Thanks for your interest in contributing to ZeroClaw! This guide will help you get started.

Development Setup

# Clone the repo
git clone https://github.com/theonlyhennygod/zeroclaw.git
cd zeroclaw

# Enable the pre-push hook (runs fmt, clippy, tests before every push)
git config core.hooksPath .githooks

# Build
cargo build

# Run tests (all must pass)
cargo test

# Format & lint (must pass before PR)
cargo fmt && cargo clippy -- -D warnings

# Release build (~3.4MB)
cargo build --release

Pre-push hook

The repo includes a pre-push hook in .githooks/ that enforces cargo fmt --check, cargo clippy -- -D warnings, and cargo test before every push. Enable it with git config core.hooksPath .githooks.

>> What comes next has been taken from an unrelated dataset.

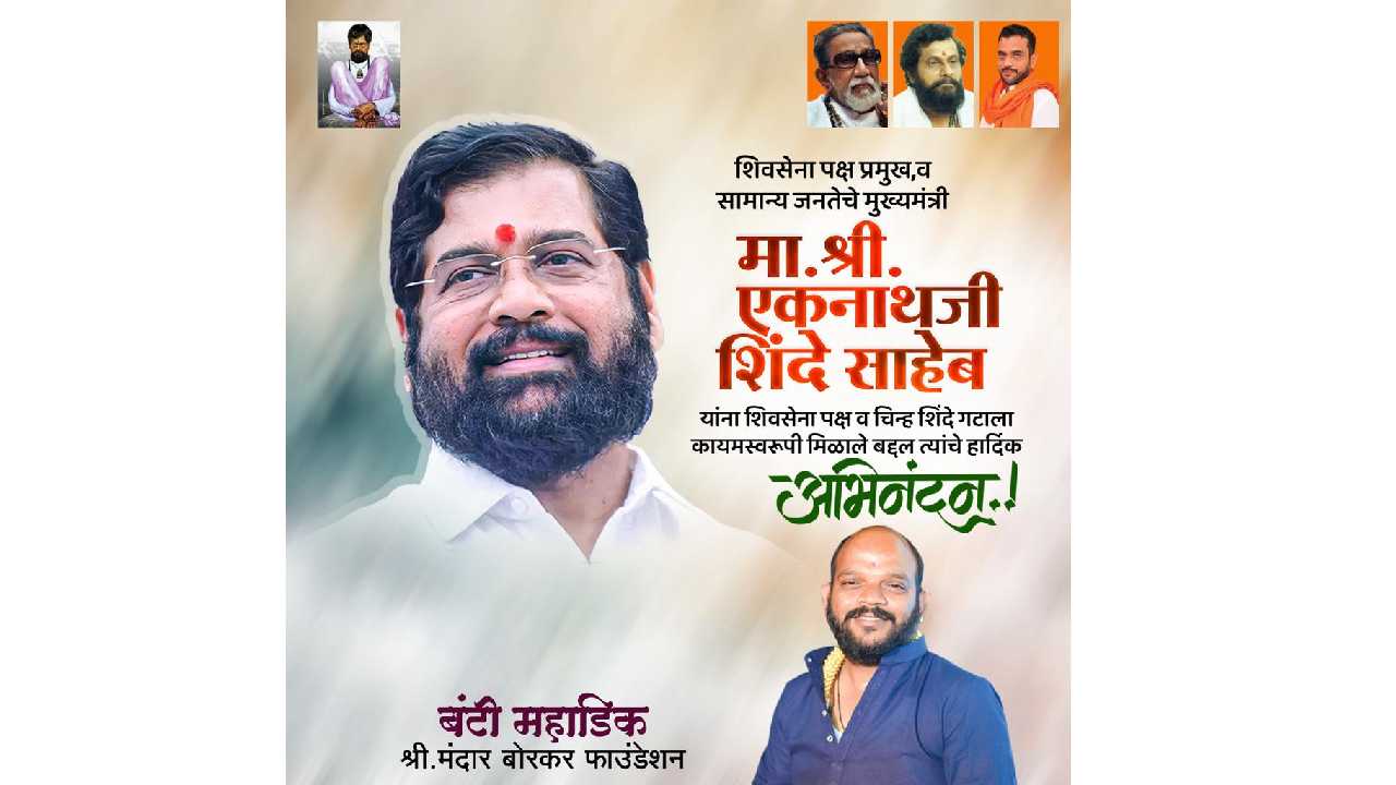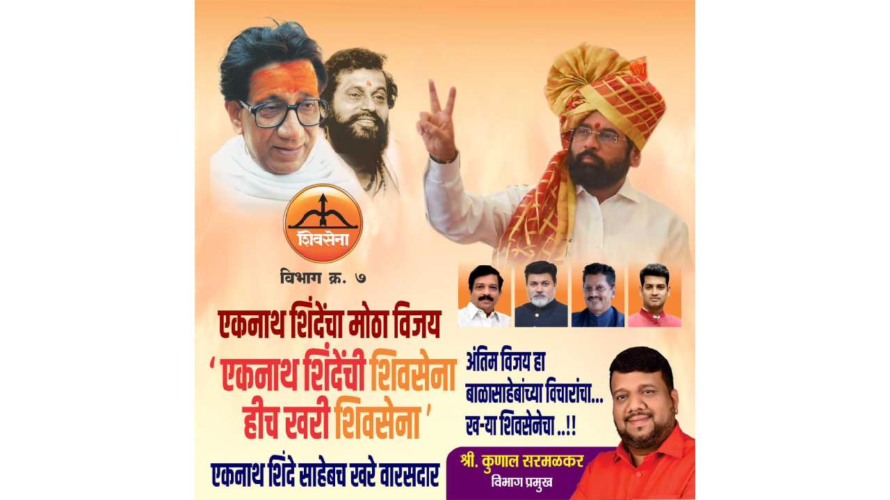 एकनाथ शिंदे यांचा मोठा विजय… ‘एकनाथ शिंदे यांची शिवसेना हीच खरी शिवसेना’ एकनाथ शिंदे साहेब हेच खरे वारसदार. अंतिम विजय हा बाळासाहेबांच्या विचारांचा… खऱ्या शिवसेनेचा…!, असा या बॅनरवर मजकूर आहे. हा बॅनर कुणाल सरमळकर यांनी लावला आहे.

To skip it during rapid iteration:

git push --no-verify

Note: CI runs the same checks, so skipped hooks will be caught on the PR.

High-Volume Collaboration Rules

When PR traffic is high (especially with AI-assisted contributions), these rules keep quality and throughput stable:

One concern per PR: avoid mixing refactor + feature + infra in one change.
Small PRs first: prefer PR size XS/S/M; split large work into stacked PRs.
Template is mandatory: complete every section in .github/pull_request_template.md.
Explicit rollback: every PR must include a fast rollback path.
Security-first review: changes in src/security/, runtime, and CI need stricter validation.

Full maintainer workflow: docs/pr-workflow.md.

Agent Collaboration Guidance

Agent-assisted contributions are welcome and treated as first-class contributions.

For smoother agent-to-agent and human-to-agent review:

Keep PR summaries concrete (problem, change, non-goals).
Include reproducible validation evidence (fmt, clippy, test, scenario checks).
Add brief workflow notes when automation materially influenced design/code.
Call out uncertainty and risky edges explicitly.

We do not require PRs to declare an AI-vs-human line ratio.

Agent implementation playbook lives in AGENTS.md.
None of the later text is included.